Problem description =
Retype, word for word, the lines from the first line of the entries through the line that holds "画像1に三惑星を示します。各"; leave out the pictures.

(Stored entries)
★ ★ ★

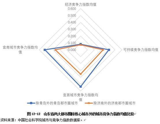 从两大都市圈除核心城市外的城市的竞争力来看(图12-12),除青岛外的青岛都市圈城市的各项竞争力指数均值均高于除济南外的济南都市圈城市,且二者除经济竞争力较为接近外,其它竞争力均差距较为明显,其中可持续竞争力差距相对较小,宜居城市竞争力差距最大,宜商城市竞争力差距介于二者之间。
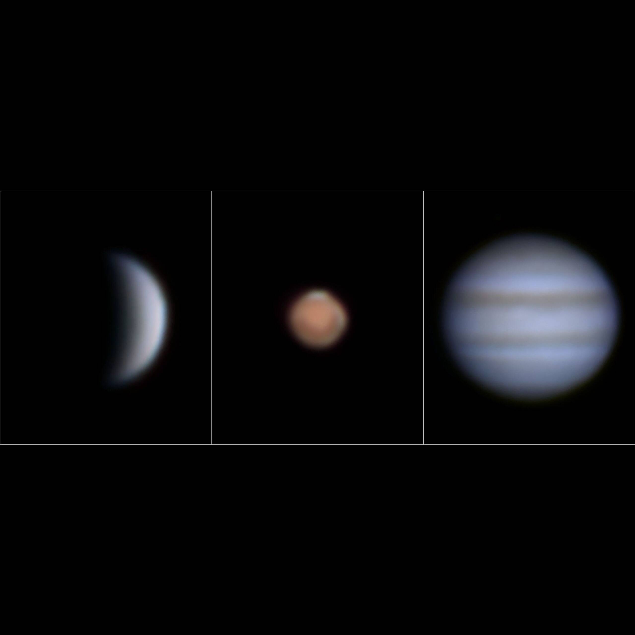 画像1に三惑星を示します。各惑星ともに縦軸を南北に回転補正しています。4K動画からのスタックですがモニター画面で見た像の方が見ごたえがあった感想です。
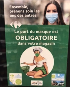 Le Jury de Déontologie Publicitaire a été saisi, le 8 septembre 2021, d’une plainte émanant d’un particulier, tendant à ce qu’il se prononce sur la conformité aux règles déontologiques en vigueur d’une publicité d’un magasin Carrefour situé aux Sables d’Olonne, pour annoncer le port du masque obligatoire à l’intérieur du point de vente.
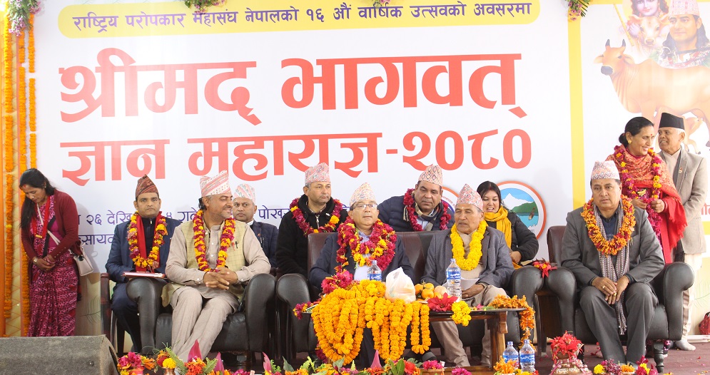 पोखरा । पोखरा महानगरपालिकाको सहयोग तथा राष्ट्रिय परोपकार महासङ्घ नेपालको व्यवस्थापनमा सञ्चालित पुष्करिणी परोपकार गोकुल धाममा बुधवारदेखि श्रीमद् भागवत ज्ञान महायज्ञ सुरु भएको छ । महासङ्घको १६ औँ वार्षिकोत्सवको अवसरमा आयोजित सप्ताह व्यापी ज्ञान महायज्ञको पोखरा महानगरपालिकाका प्रमुख धनराज आचार्यले उद्घाटन गरेका हुन् ।
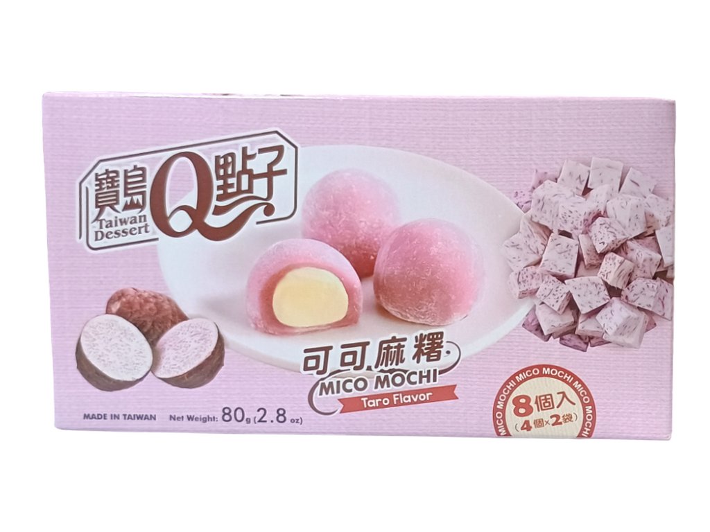 Mochi Q plněné kakaovým máslem s příchutí taro je lahodný dezert, který spojuje tradiční japonský dezert mochi s moderní příchutí taro a kakaového másla. Taro má sladkou a mírně oříškovou chuť, doplněnou jemným čokoládovým tónem.
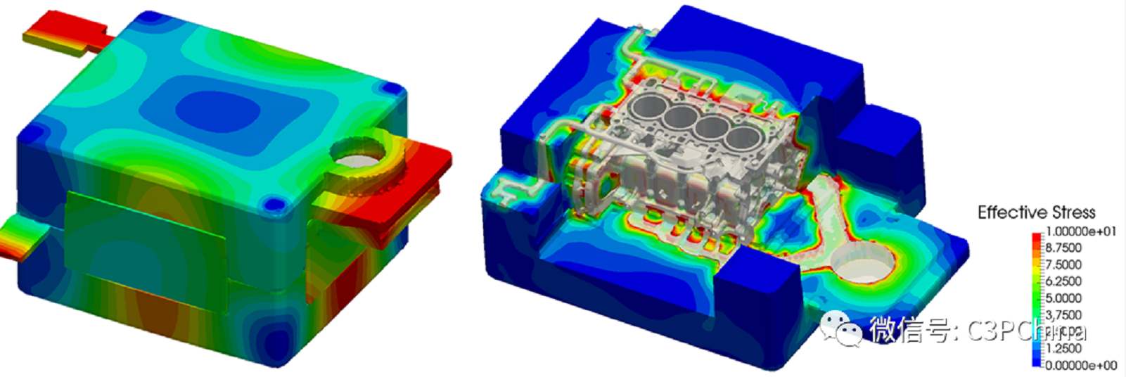 多年来,由于模流软件,主要关注金属液的充型与凝固过程,而对于模具,分析的最多只是循环过程中获得的稳态温度场。Cast-Designer v7.5 去年推出全新模块CDPE,全称(Cast-Designer Performance)。该模块采用了固体力学的三维非线性有限元求解器。经过一年的应用,CDPE的分析对象从铸件,延伸到了模具和后加工过程的力学分析。

★ ★ ★

Problem solution =
 从两大都市圈除核心城市外的城市的竞争力来看(图12-12),除青岛外的青岛都市圈城市的各项竞争力指数均值均高于除济南外的济南都市圈城市,且二者除经济竞争力较为接近外,其它竞争力均差距较为明显,其中可持续竞争力差距相对较小,宜居城市竞争力差距最大,宜商城市竞争力差距介于二者之间。
 画像1に三惑星を示します。各惑星ともに縦軸を南北に回転補正しています。4K動画からのスタックですがモニター画面で見た像の方が見ごたえがあった感想です。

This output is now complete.